▶ [What to work on]: Below are some records. Quote exactly the lines from the one that contains "Сьогодні Укрпошта ввела" through the last, both included, and leave out the pictures.

== Extracted information ==

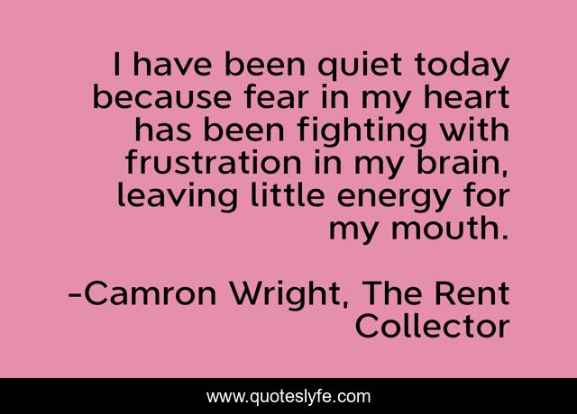 This page presents the quote "I have been quiet today because fear in my heart has been fighting with frustration in my brain, leaving little energy for my mouth.". Author of this quote is Camron Wright, The Rent Collector. This quote is about humor, thought-provoking,.
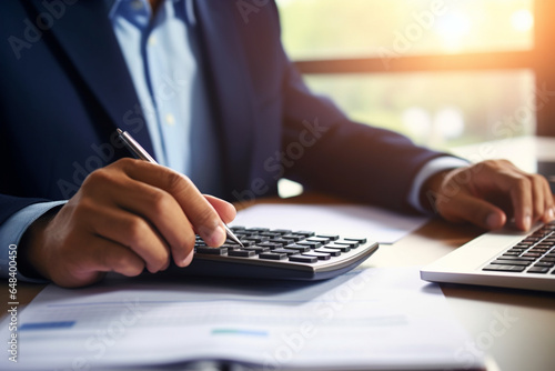 Close up businessman using calculator on documents Unrecognizable finance use calculate about cost at office
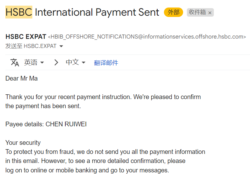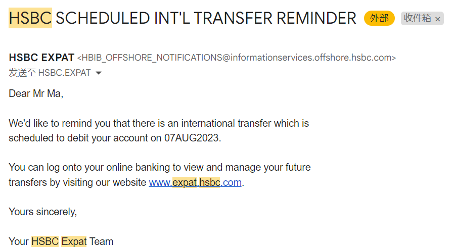 发件人都是“offshore.hsbc.com”,看起来也不是诈骗邮件。
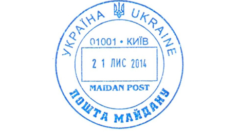 Сьогодні Укрпошта ввела в дію спеціальний поштовий штемпель з пересувною датою «Пошта Майдану. Київ, 01001».
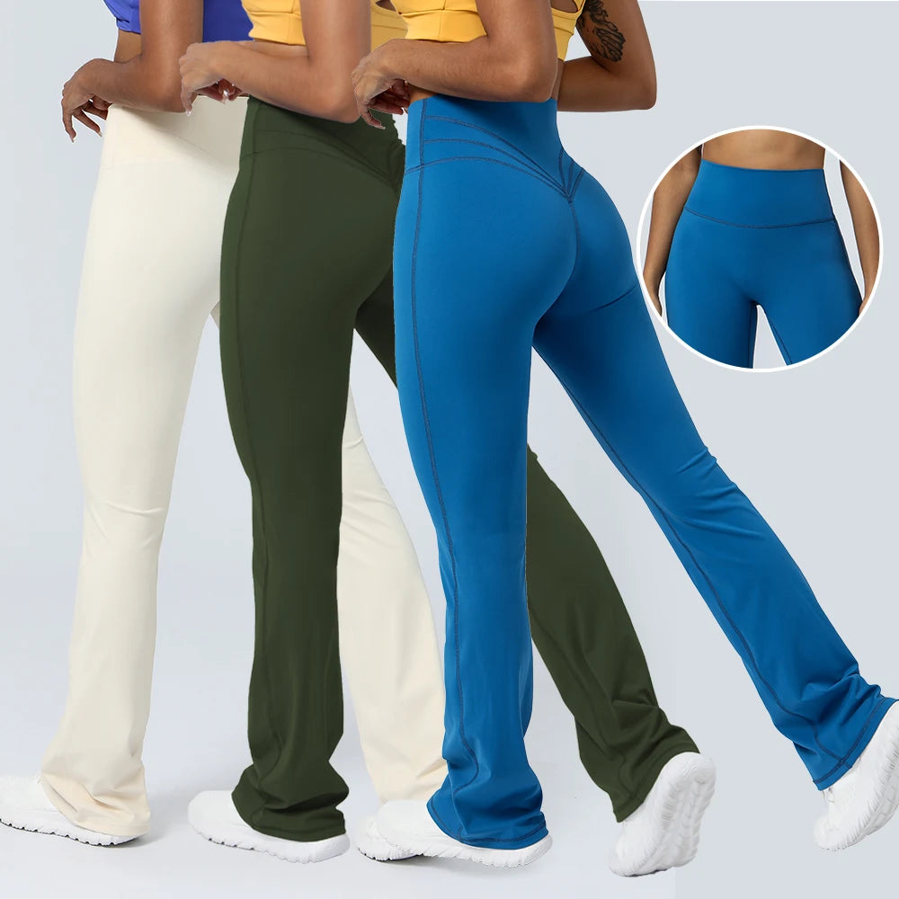 Women Yoga Flare Leggings High Waist Dance Pilates Fitness Gym Buttock Lifting Workout Wide-Leg Pants Outdoor Train Sport Tights

===

▶ [Result of this task]:
 Сьогодні Укрпошта ввела в дію спеціальний поштовий штемпель з пересувною датою «Пошта Майдану. Київ, 01001».
 Women Yoga Flare Leggings High Waist Dance Pilates Fitness Gym Buttock Lifting Workout Wide-Leg Pants Outdoor Train Sport Tights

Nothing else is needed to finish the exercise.